Interview: Founder Of New Blues Plan Subsidiary

Sees Primary Prevention Moving To Mainstream

For years Michael Samuelson has been quietly arguing that the wellness ‘movement’ is actually a marketable product that employers will demand, and that will impact the treatment model in a way that will be supported. Next week he will get his biggest forum – the first Blues plan to form a wholly-owned subsidiary whose product is prevention and wellness services for corporations and insurers.

Samuelson has been featured on more than 200 television and radio programs, as well as in Newsweek, USA Today, and The Wall Street Journal, and is past president and CEO of the National Center for Health Promotion (NCHP). He has been instrumental in marketing and delivering health and wellness programs to thousands of corporations, medical centers, and individuals.

His ground-breaking research at the University of Michigan at first drew acclaim and then widespread recognition as very likely to succeed in an area where few have done so. When he got the call to come make it happen at a major insurers, it came as a shock but ended up being a calling – and ultimately a new company.

We should say something here as a pretext. As the health financing model migrates into out-of-pocket costs as a cost management strategy, with high deductible plans and defined contributions, there is a hidden market demand rising from employers in general and consumers in particular for below-the-deductible prevention coverage. United, Aetna, Humana and Wellpoint are all moving in this direction with varied success, but if you look at the web-based potential and advanced marketing metrics involved, it’s starting to look like a core product for many plans.

Q:  What’s the idea behind it.

A: The idea behind it is that insurance companies in general and this one in particular is recognizing that two primary reason, one being fidiciary responsibility to membership and to the region they serve, they need to do more than simply process claims. They need to be a health and wellness partner.

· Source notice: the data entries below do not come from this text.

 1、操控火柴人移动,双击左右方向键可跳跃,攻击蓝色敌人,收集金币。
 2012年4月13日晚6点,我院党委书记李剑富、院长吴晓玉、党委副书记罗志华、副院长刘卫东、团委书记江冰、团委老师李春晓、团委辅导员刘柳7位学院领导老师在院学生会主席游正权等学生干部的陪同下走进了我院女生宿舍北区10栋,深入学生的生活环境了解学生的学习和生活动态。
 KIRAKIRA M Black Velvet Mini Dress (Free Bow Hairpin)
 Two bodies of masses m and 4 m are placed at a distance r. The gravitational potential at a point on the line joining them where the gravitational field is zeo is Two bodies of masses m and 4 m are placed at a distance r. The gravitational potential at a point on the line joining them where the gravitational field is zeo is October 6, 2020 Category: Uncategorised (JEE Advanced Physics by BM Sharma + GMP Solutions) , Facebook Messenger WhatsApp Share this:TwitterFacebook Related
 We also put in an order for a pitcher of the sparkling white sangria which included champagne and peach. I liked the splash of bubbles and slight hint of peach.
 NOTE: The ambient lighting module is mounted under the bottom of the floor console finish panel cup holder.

And the other part is that insurance companies like any business need to differentiate their services. So one of the ways we can do that is by moving to the left side of the spectrum that tradiitonally focuses on the treatment model, and recognizing the need and opportunity to be involved in the entire health spectrum.

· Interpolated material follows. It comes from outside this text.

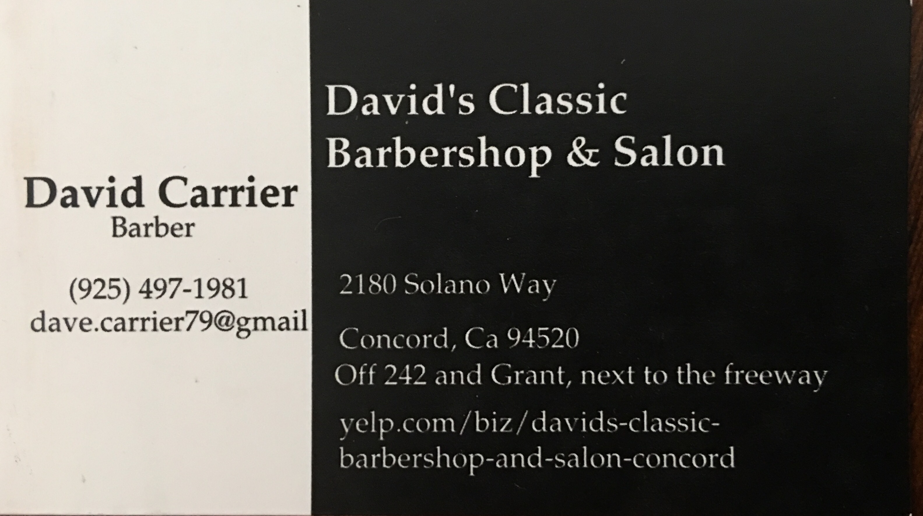 | David's Classic Barbershop and Salon 2180 Solano Way Concord, California 94520 925-497-1981 https://www.facebook.com/Davids-Classic-Barbershop-and-salon-1539397589667953/ | Barbershop and Salon Regular Price: $Varies by Service Sale Price: $ Barbershop and Salon Category: Services |
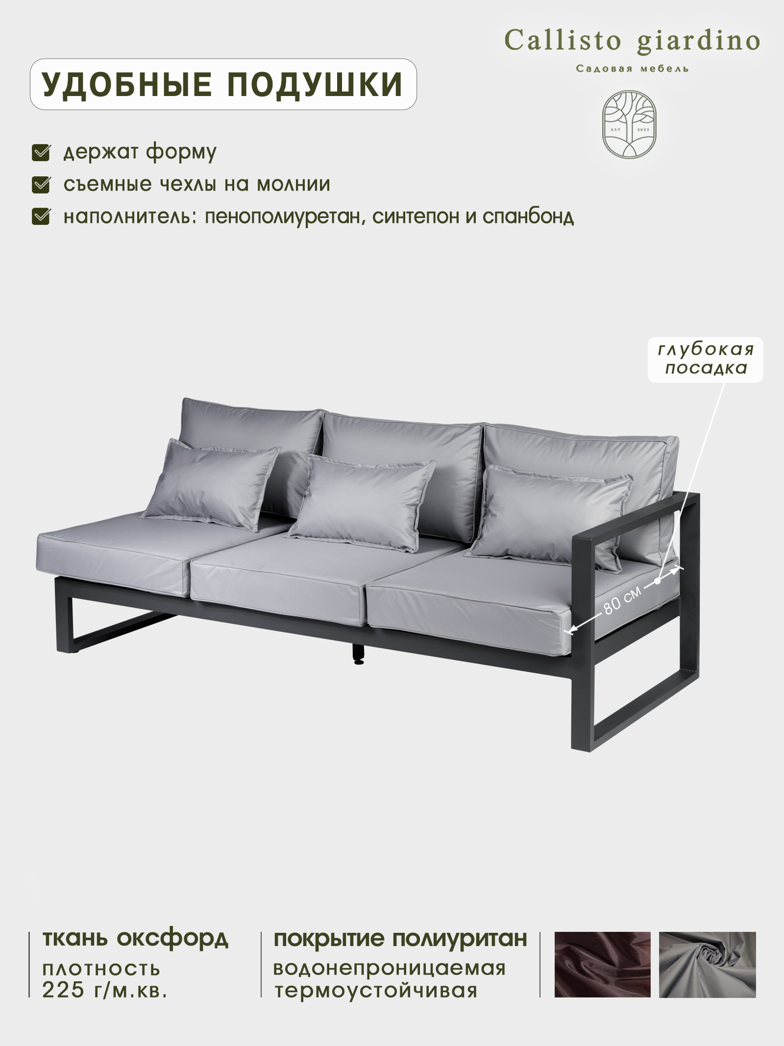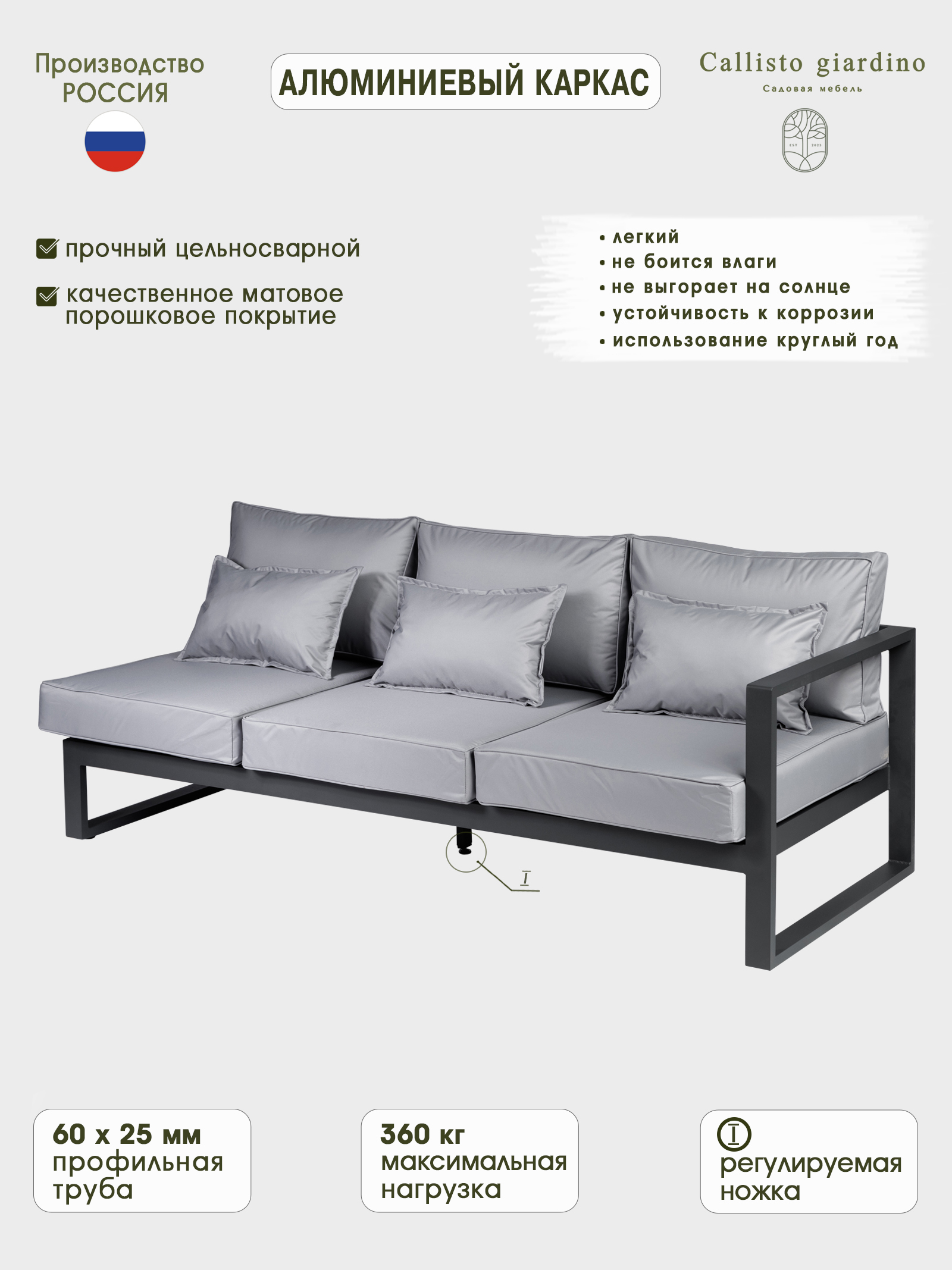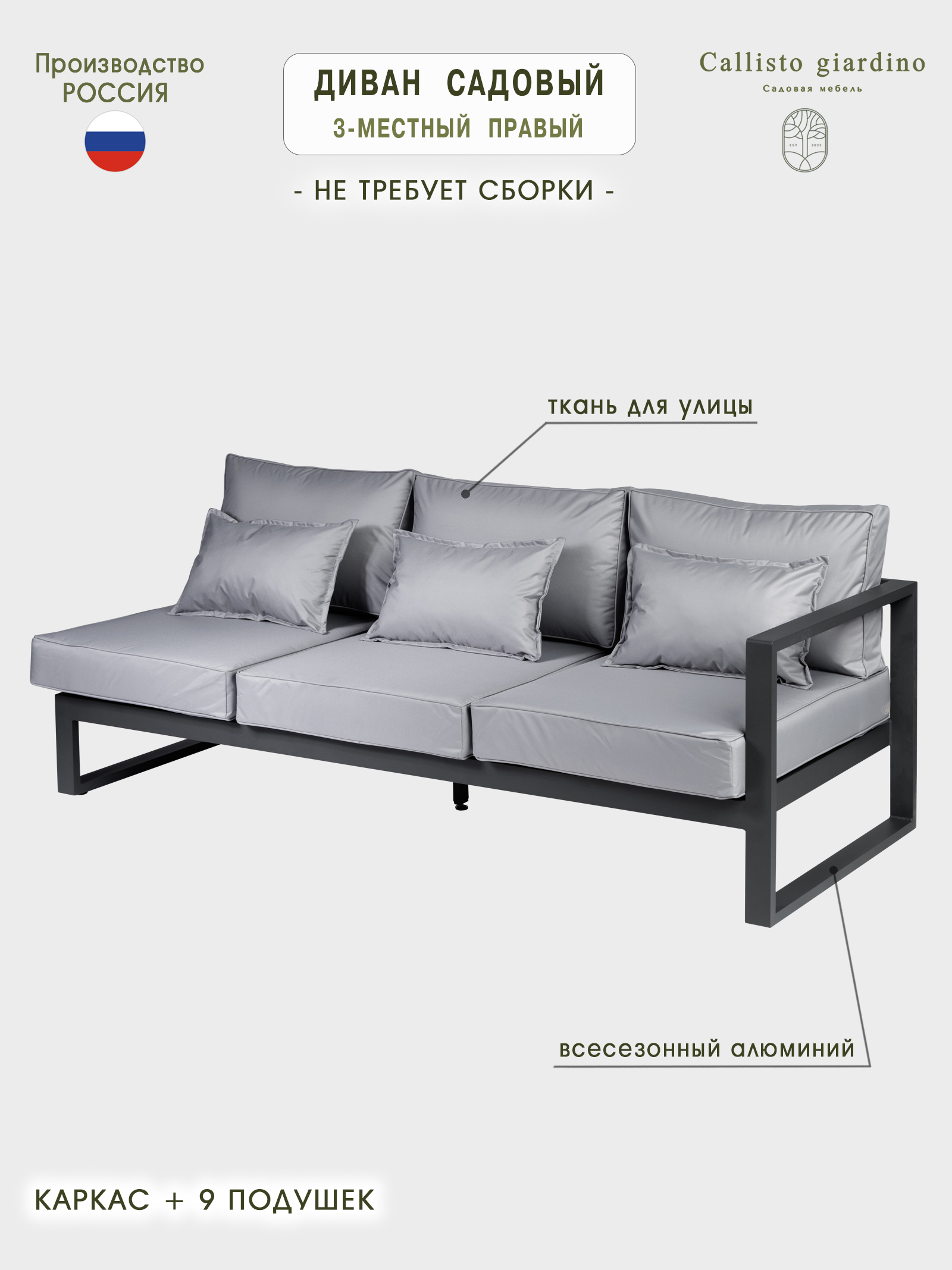 Диван Callisto giardino "Лагуна" 3-х местный правый (с левым подлокотником). Каркас: алюминий, окрашенный в цвет антрацит. Размеры дивана ШхВхГ 2040х600х800 мм. Размеры подушек: для сиденья ШхВхГ 660х120х800 мм; Вес 3 кг. Подушка под спину 660х390 мм. Вес 1,8 кг. Ткань оксфорд, устойчива к истиранию, выгоранию на солнце, влагоотталкивающая. Наполнитель: многослойный формованный ППУ различной плотности, синтепон и спанбонд. Чехлы подушек на молнии. Вес каркас: 16 кг. Продукция поставляется в собранном виде (каркас дивана + 9 подушек). Нагрузка до360 кг. Гарантия: 12 месяцев.

SO this particular Blues is the the first BLue to go out and form their own wholly-owned subsidiary for prevention services. 

Q: How is this actualy offered to an employer in terms of benefit structures and is it part of the whole package.

A: It is and sometimes the insurance company will hold it in as a way of retaining and acquiring key emplyioer groups. SOmetimes it willl be positioned as a separate add-on,so they will use it as a profit silo and sell the programs separately to employer groups. In this case the institute will provide programs to insurers directly to their population. Provide programs to insurers who in turn will provide them to their members. So again, the strategy goes everywhere from parring new lines of business to maintaining existing ones.

Q: Is this sort of an expansion of the definition of prevention services, which before this generally were covered benefits for office visits and didn’t really get into details of specific programs.

A: Yes, this definition involves awareness, education, early detection, early intervention. So the idea is to work directly with the member, or work through the member’s employer group, to provide opportunity for the member to get engaged early in their overall quality of life programming, wellness programming, and disease avoidance programming.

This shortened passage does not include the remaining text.